Heparin sodium enriched gelatin/polycaprolactone based multi-layer nanofibrous scaffold for accelerated wound healing in diabetes

Abstract

Multilayered nanofibrous scaffolds (MNSs) obtained by electrospinning have gained widespread attention owing to their control over the delivery of drugs. However, polymer and drug solubility issues in common solvent systems still limit their applications. The present work employed acetic acid : water : ethyl acetate (4 : 4 : 2 v/v/v) as a common solvent system for dissolving gelatin and heparin sodium (HS). A GL 20% w/v solution showing optimum viscosity and conductivity, and high encapsulation (89.2 ± 2.13%) was selected. Additionally, TPGS-1000 incorporated in GL reduced the surface tension for better electrospinning and additional free-radical scavenging activity (∼6 fold of blank nanofibers). The central layer was surrounded by upper and lower PCL–GL layers to control the release of the hydrophilic drug (HS). The electrospun PCL : GL layer sustained the release for ∼24 hours. The developed multilayered nanofibrous scaffolds showed accelerated wound healing in a diabetic rat model.
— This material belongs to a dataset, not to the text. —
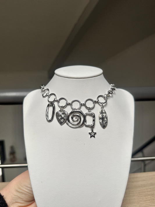 Ces colliers upcyclés et uniques sont conçus à partir d'anciennes pièces de bijouteries. Chaque création raconte une histoire, donnant une nouvelle vie à des éléments du passé. Le concept repose sur l'art de réinventer et de sublimer des matériaux existants, pour offrir des bijoux à la fois écologiques et pleins de caractère.

Histological analysis of the wound confirmed the accelerated re-epithelialization and reduced inflammatory response. Laser Doppler flowmetry further showed a significant improvement in the blood flow at the wound site at day 14 and day 21, revealing neovascularization. Therefore, the developed multilayered nanofibrous scaffolds provided a plausible method for fabricating regenerative scaffolds for drug delivery and diabetic wound healing.